Yesterday I did my yearly golf thing and played nine holes in the Station K 'British Bob Open' (a charity golf tournament).  I can't play golf worth beans but the event is all about having fun and sometimes I can manage that.  

When my friend called me, a month ago, about entering, we discussed what our team's theme would be.  The organizers encourage people to come in costume.  We mutually agreed on going as pirates when the other two, in the foursome, got more enthusiastic over bucaneers rather than mobsters.       

For some unknown reason, I declared I would dress up as the token parrot.  It's not unusual for me to get mentally carried away with an idea before considering the ramifications of my flights of fancy.  

After two weeks of envisioning a Pirate parrot, I'd discarded a lot of options.  There was no way I would rent a parrot costume even in the unlikely event I could find one.  I considered sewing one with my scads of brilliant coloured fabrics but I wanted to do something a little more unique.  

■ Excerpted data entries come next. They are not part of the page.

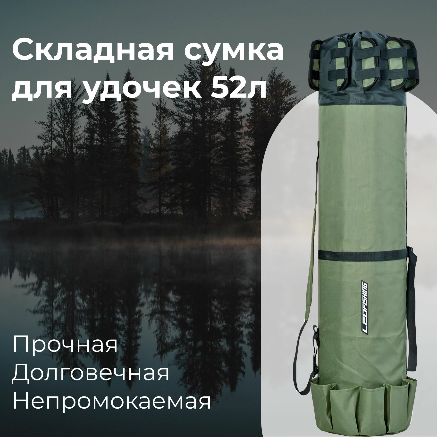 10 цен на Сумка для снастей складная цилиндрическая LEO FISHING для 5 удочек 52л зелёная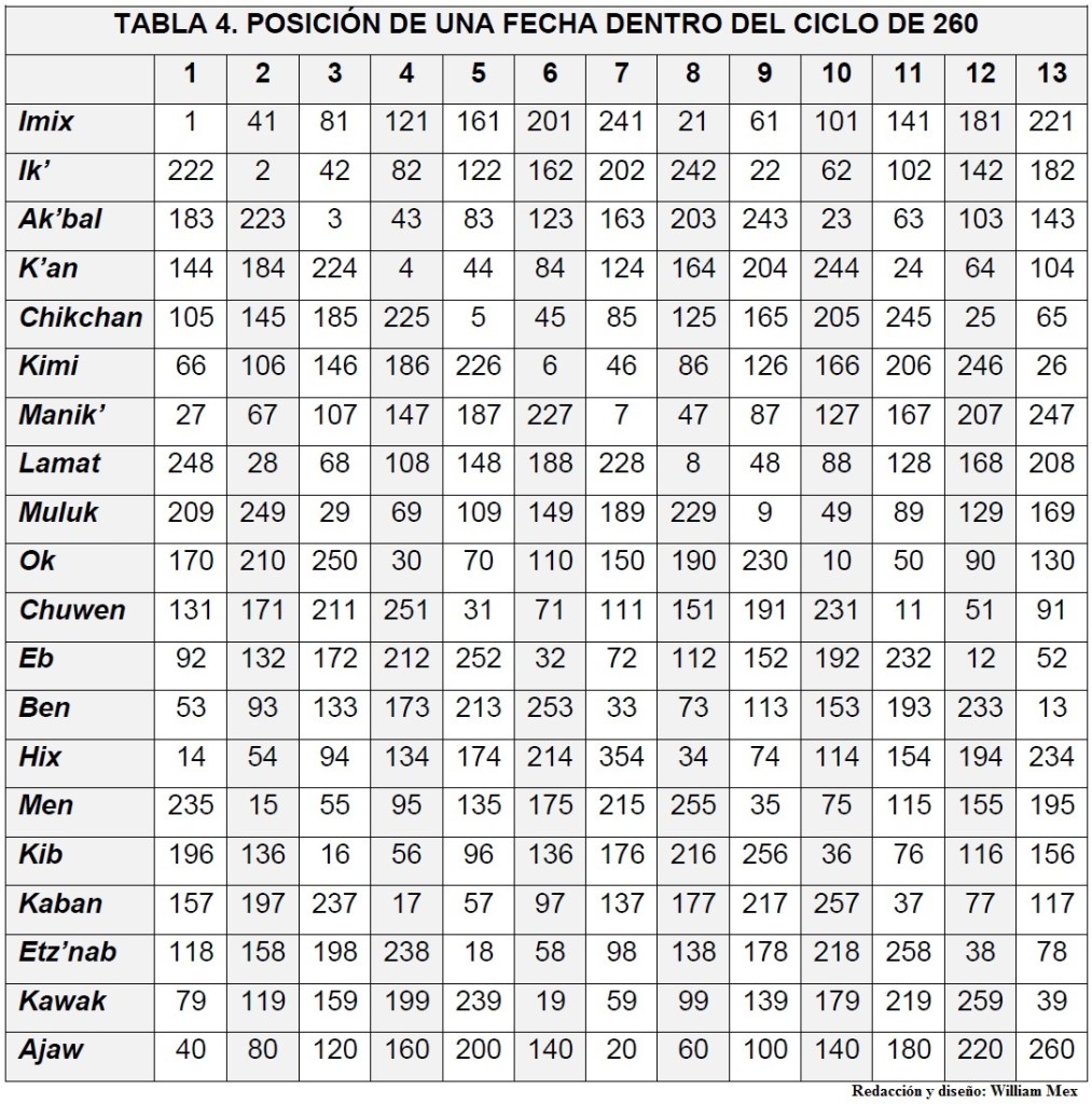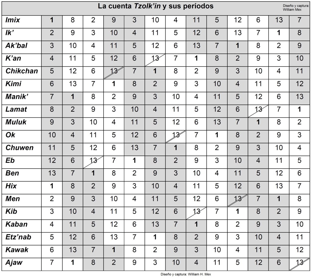 Como se mencionó al inicio de este texto, la cuenta Tzolk’in consta de 260 fechas, cada una conformada por un número del 1 al 13 y por un nombre de los 20 días (ver Tabla)[2]. Por ejemplo, la cuenta puede comenzar con 1 Imix, 2 Ik’, 3 Ak’bal, 4 K’an, 5 Chikchan, 6 Kimi, 7 Manik’, 8 Lamat, 9 Muluk, 10 Ok, 11 Chuwen, 12 EB, 13 Ben -> al llegar al número 13, los números inician de nuevo, pero los días siguen hasta el vigésimo -> 1 Hix, 2 Men, 3 Kib, 4 Kaban, 5 Etz’nab, 6 Kawak, 7 Ajaw -> al llegar al día Ajaw -vigésimo- los días inician de nuevo, pero los números siguen hasta el trece -> 8 Imix, 9 Ik’, etc. En un principio, se puede decir que la primera fecha es 1 Imix y la última, que ocurre después de 260 posiciones, es 13 Ajaw. La Tabla muestra el conteo de días comenzando desde arriba a la izquierda y avanzando de veinte en veinte (de 1 Imix a 7 Ajaw, de 8 Imix a 1 Ajaw, etc.).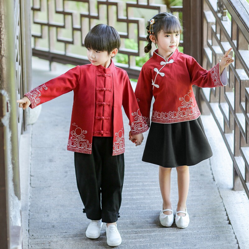 Kindergarten garden uniform Spring and Autumn Hanfu Primary school uniform National style Children's class suit suit Chinese style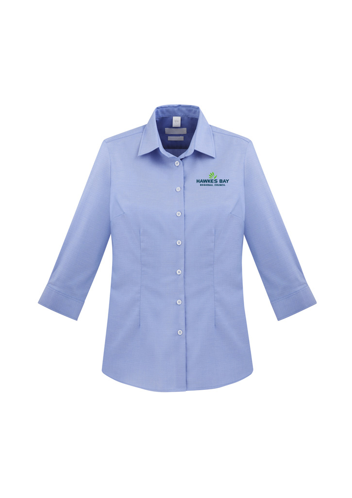 Wrinkle resistant 100% Premium Cotton. Yarn dyed subtle herringbone weave fabric. Advanced performance fabric finish for better wrinkle resistance. Ladies features bust darts, waist shaping and neatly finished placket. Can be worn tucked in or out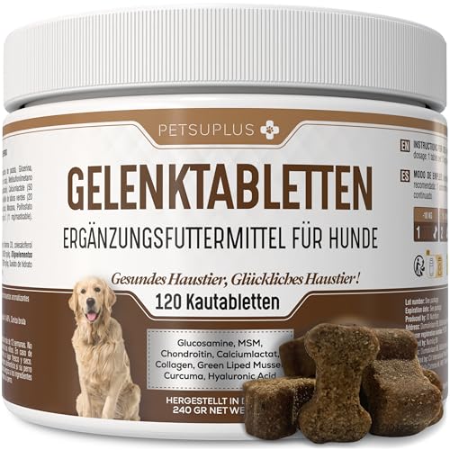 Hunde-Gelenktabletten, 120 Kautabletten, Hunde Gelenk Supplement Tabletten, Glucosamin Grünlippmuschel MSM Chondroitin Kollagen Hyaluronsäure, stärkt Gelenke, wirkt entzündungshemmend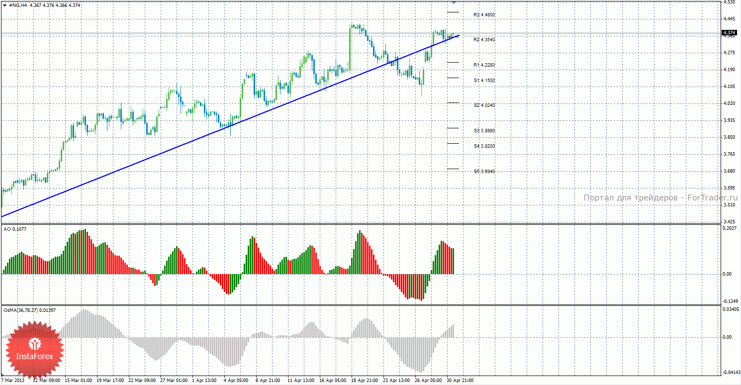Анализ природного газа за 1 мая показывает, что цена закрепилась выше восходящей линии тренда, поэтому сейчас может продолжиться трендовое восходящее движение. Сейчас актуально восходящее движение с целями 4,4800 и 4,5580, если цена останется выше уровня R2 – 4,3540. Целями для возможного начала нисходящей коррекции выступают уровни 4,2280 и 4,1500, если цена закрепится ниже уровня 4,3540. Восходящая линия тренда вновь оказывает поддержку быкам. Индикатор Awesome показывает локальное нисходящее движение, последний закрытый бар окрашен в красный цвет. OsMA же направлен наверх, что сигнализирует о восходящем движении цены на газ в более долгосрочной перспективе. Закрепление цены ниже уровня 4,3540 или ниже восходящей линии тренда может просигнализировать о возможном возобновлении нисходящего движения.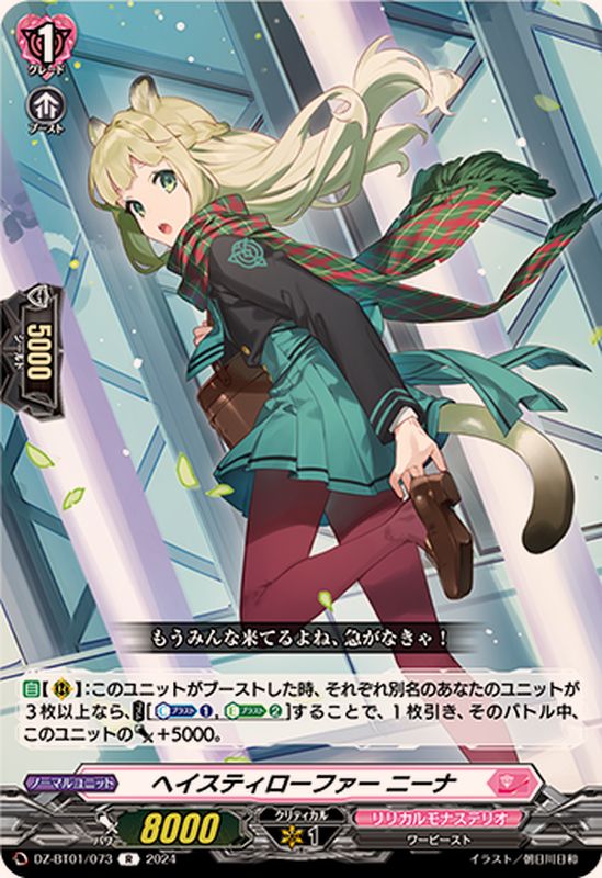 【自】【(R)】:このユニットがブーストした時、あなたのユニットを3枚選ぶ。3枚選んでいて、選ばれたユニットすべてがそれぞれ別名なら、【コスト】[【カウンターブラスト】(1),【エネルギーブラスト】(2)]することで、1枚引き、そのバトル中、このユニットのパワー+5000。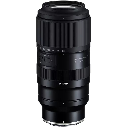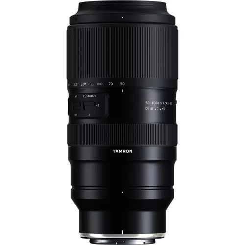 Objektív Tamron 50-400 mm F/4,5-6,3 Di III VC VXD ponúka výkonný 8-násobný optický zoom, ktorý začína na univerzálnej ohniskovej vzdialenosti 50 mm a končí na 400 mm pre väčšie priblíženie. Má svetelnosť f/4,5-6,3 (maximálna clona f/22-32) a je vybavený optickou stabilizáciou. Obsahuje aj špeciálne povrchové úpravy, ktoré zabezpečujú vynikajúcu kvalitu obrazu, minimalizujú optické chyby a zvyšujú odolnosť objektívu.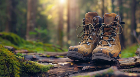 Two brown hiking boots on a log in the woods. Nature and world exploration and active lifestyle.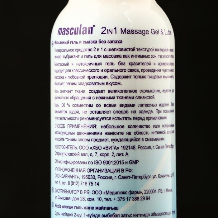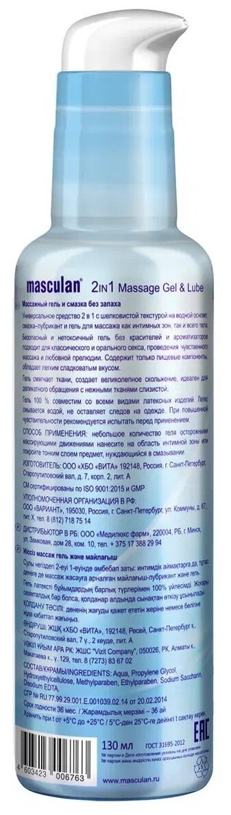 Маскулан гель массажный и смазка без запаха masculan 2 в 1 фл.130мл с дозатором ООО "ХБО при РАН "ВИТА" (1152469)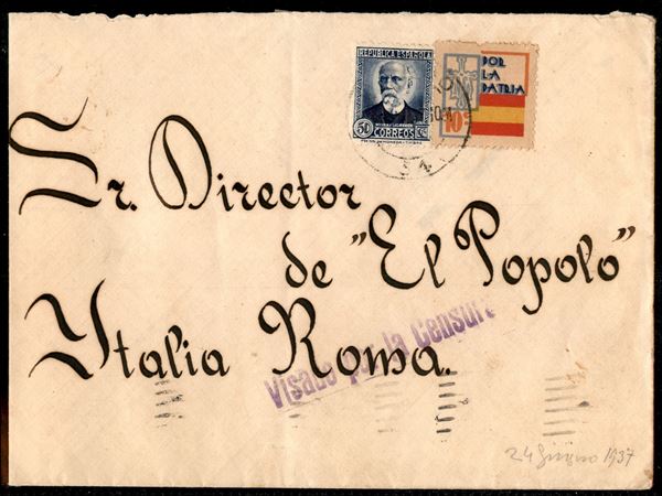 Guerra Civile - Busta affrancata con 10 cent Por La Patria + complementare (640) per Roma del 24.6.37 - censura

On the Friday of the Labour Day weekend I decided to knit my costume.  For those of you who don't know, I am a speedy knitter.  I headed out to Walmart (where I don't normally shop) to take a look at their selection of 'eyelash' yarn.  I purchased two skeins of light moss green, brilliant orange - hot pink and one of purple.  I also bought some gorgeous green and aqua silky 'hairy' yarn and assorted balls of vivid colours and a pair of multicoloured kneehigh socks.  Then I went to a 'dollar' store and bought two feather dusters (aqua & hot pink), one cheer-leader pom-pom (bright yellow), 30 'gold' chocolate coins and some party hats (black with big yellow smiley faces on them).

While doing the LitOgre Masquarade Ball collaboration with arc/Amy, I was also knitting up the front and back of my outfit.  I used huge knitting needles and finished the front and back in two days.  The pattern I designed to have a strips and tufts of different coloured yarn.  The breast was done in a V of aqua-green silky 'hairy' yarn. Then I hit a road block.  I could not imagine being able to knit anything which would resemble 'wings'.  This conundrum kept my mind occupied for a couple of days.  

While at work, I puzzled over this problem and then hit upon a solution.  I remembered some large yellow plastic trash bags I'd once had for yard clippings.  Alas, I had used the last one two years ago when I did a back yard clean up campaign.  I thought about using those horrible dark green ones and thought they would be unsuitable for a gaudy parrot.  Then I remembered the yard ones come in orange.  Perfect!  I went and bought ten bags thinking that would give me enough leeway for mistakes.  On Wednesday and Thursday of this week, I got the wings done and only wrecked one bag.  (I suppose that means I'll have to do another back yard attack soon.)  I sewed the front and back of the knit outfit together and discovered the hemline was much too wide for any respectible parrot. 

On Friday morning, I tackled the tail.  I stripped the hot pink feathers off one duster and, using my trusty glue gun, glued them in rows along the black plastic wand of the other feather duster.  Then, using fishing line, I sewed the wings to the costume body.  I also gathered the hemline with fishing line as well.  It created the illusion of a puffed up parrot body.  I attached the tail with fishing line too. 

Under the costume, I wore a rust coloured turtle neck t-shirt & black spandex tights.  The striped socks were worn over the tights and the outfit was topped off with a wine red chenille toque which belonged to my mom.  I used the smiley face party hat as a beak.  I was set!  

The other members were wonderfully turned out as pirates and we happily golfed nine holes in the rain.  The organizers encouraged us to wear our costumes to the wrap up party, at the Waldorf (not the Astoria) lounge, saying that many hadn't seen the costumes.  We did so and there were many complimentary comments about our team's dress up efforts.  One woman told me that I reminded her of her lovebirds.  Another told me everyone on the golf course was saying .. "Have you seen Penny and the Pirates yet?"  I spent some time distributing gold 'doubloons' while catching up on the news from the people I used to work with.  

All of my efforts didn't go unrewarded.  We won first prize for best costume!  Yahoo!  I am so looking forward to next year.  Say, is anyone in the market for a slightly used Parrot costume?  cheep cheep!


----------